А Варя, предоставленная себе настолько, что даже слова за нее, будто в кукольном театре, произносили другие, брошенная ими без внимания, настоящая Варя тянула чай и безропотно отдалась течению. Все это напоминало жизнь без границ, без матрешечных стеклянных колпаков... А Маня ей приглянулась. Приглянулась тем, что сразу захотелось поставить резкие границы своим отношениям с ней. Заранее вбить колышки, за которыми лежит отвращение, куда лучше не заходить. Но все, что до колышков – великолепно. В таких Варечка влюблялась. И сейчас представила: какая нега мять и гладить Маню, какое блаженство чувствовать ее скользящей рядом, как сладко поддаться подмеченной у Манечки страсти доходить до конца, ни перед чем не останавливаться, выжать, увенчать все – такие редкостные черты у женщин, столь полезные и сладкие, когда занимаешься с ними любовью. Как Варя понимала Аввакумова, сполна получившего это, как жалела Андрюшу, не поймавшего ничего, кроме ржавого крюка в душу. И как наградила себя: рядом с Маней, в одном течении, можно отмолчаться – вынесет к нужному берегу.
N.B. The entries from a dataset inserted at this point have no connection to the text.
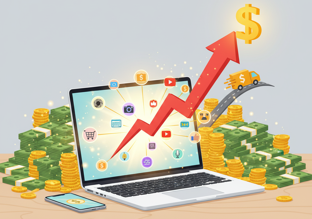 تُعد التجارة الإلكترونية، بجميع أشكالها (البيع بالتجزئة، الدروبشيبينغ، بيع المنتجات الخاصة)، هي المصدر الأغنى لجمع الثروات الرقمية. القوة هنا تكمن في القدرة على بيع المنتجات لجمهور عالمي دون الحاجة إلى متجر فعلي.
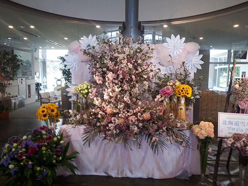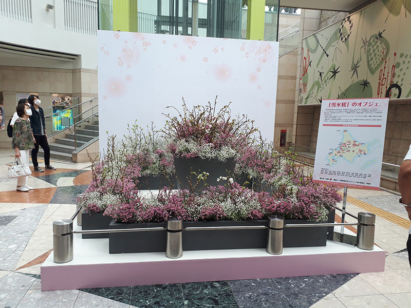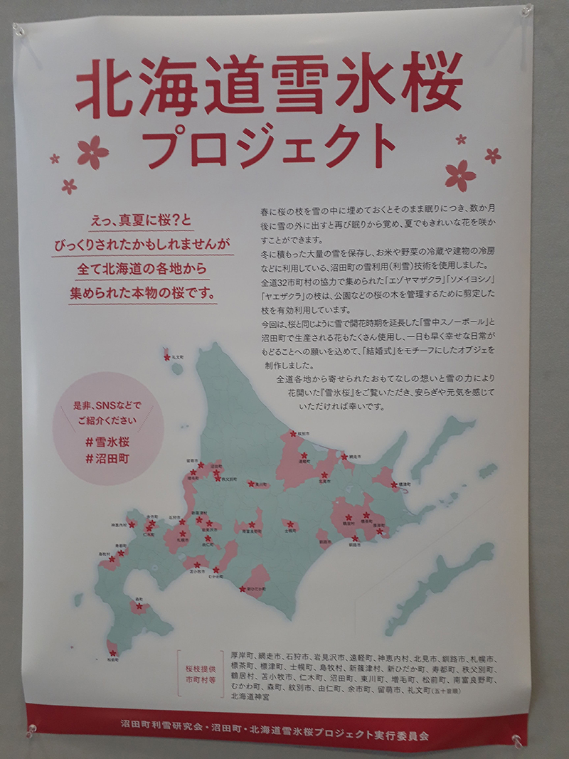 ご提供いただいた32市町村の名前がパネルで紹介される他、桜と同じように雪で開花調整している「雪中スノーボール」という花や、沼田町で生産されている花も併せて飾られます。
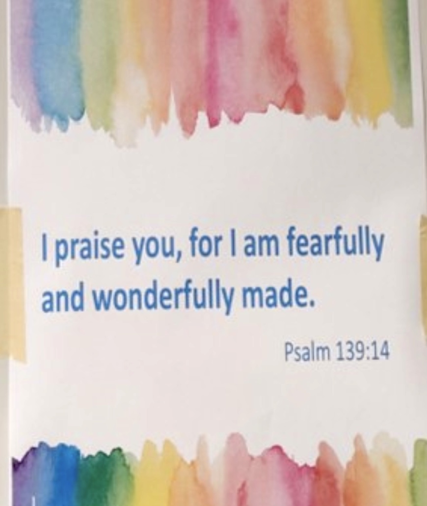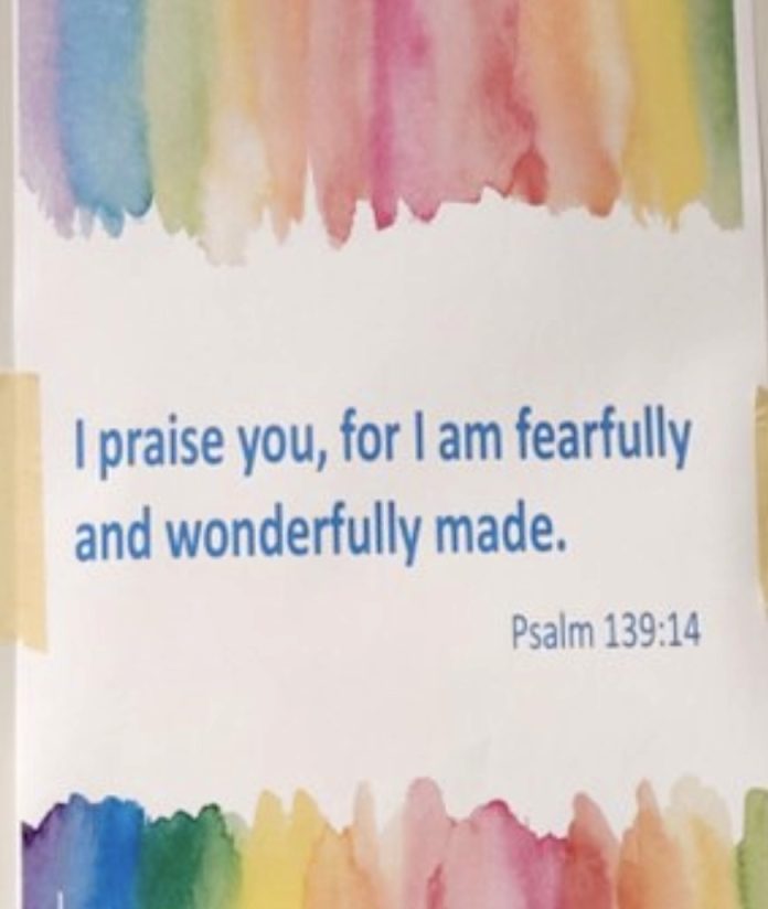 Jest więc plakat z fragmentem Psalmu 139: „Dziękuję Ci, że mnie stworzyłeś tak cudownie” na tle kolorów tęczy. Na innym wymieniono różne „fobie” i „-izmy”, m.in. „transfobię”, „homofobię” i „kolonializm”. Pod spodem znalazło się stwierdzenie, że sprawiedliwość wymaga, by je nazywać. Dalej pojawia się cytat z nauczania Papieża Franciszka o tym, że musimy zwalczać wszelkie formy rasizmu, nietolerancji i instrumentalnego traktowania istoty ludzkiej. Na kolejnym plakacie napisane jest, że „jesteś przyjmowany, słyszany, szanowany, ważny, kochany i święty”.

Какая все-таки химера – телевизор. Прошлой ночью Варя рассмотрела, почти ощупала Манечку так, как ей самой никогда не удастся. Все увидела, везде заглянула. Но только сейчас Маня стала настоящей книгой: и Аввакумов, и Андрей, и наверняка Варечка – уже расписаны там. Вот бы рассказать ей, не промолчать! Воспользоваться ее же наглостью требовать от них с Андрюшей каких-то признаний...

– Почему вы все молчите? Сговор? Заговор? Смешные...

– Потому, что ты и есть ответ. Да, Андрюша? – вдруг замахнулась Варя.

– Постойте! – спешил Андрюша. – Еще успеете поругаться. Я отвечу. Я привык отвечать. А вы молчите, не прерывайте меня. Пообещайте... Кивните, ну же!

Никогда Андрюша не решился бы ни на что подобное, если бы Варя и Маня чудесным и чудовищным образом не соединились вдруг у него на кухне. Ничего из того, что он сказал, никогда не досталось бы ни одной из них по отдельности. Ни Варечкина стыдливость под одеялом, закончившаяся вздернутыми ягодицами и тугими грудями, ни Манина вечная полуодетость-полураздетость, ни Варина тягучая осада, ни Манечкин штурм наскоком – ничто в отдельности не ослепит, не ошеломит, не обезумит Андрюшу. Он бы скрыл все. Еще бы! Его просили, нет – требовали открыть свою самую долгую, но все еще недоношенную тайну: то же, что вскрыть вены. Разве собственное представление о жизни в человеке не та самая кровь души? Но Варя и Маня вместе – раздергали, раскололи Андрюшину оборону.

– А знаете, девочки, – с натугой, легкомысленно начал он, – я все смогу объяснить. Послушайте-ка меня.

Лет триста назад Россией правил царь Алексей Михайлович, второй по счету Романов. Почти никто сейчас не помнит его, лишь иногда ради сына – Петра. И даже реформу русской церкви отдали патриарху Никону, как будто такое мог совершить патриарх. Нет, это Алексей Михайлович правил богослужение, в тюрьмах гноил и жег на кострах раскольников, а Никоном играл, как куклой – возвел его и свел с патриаршества. Тысячи людей казнил и покалечил, десятки тысяч разогнал, сотни тысяч – сами разбежались по Сибири.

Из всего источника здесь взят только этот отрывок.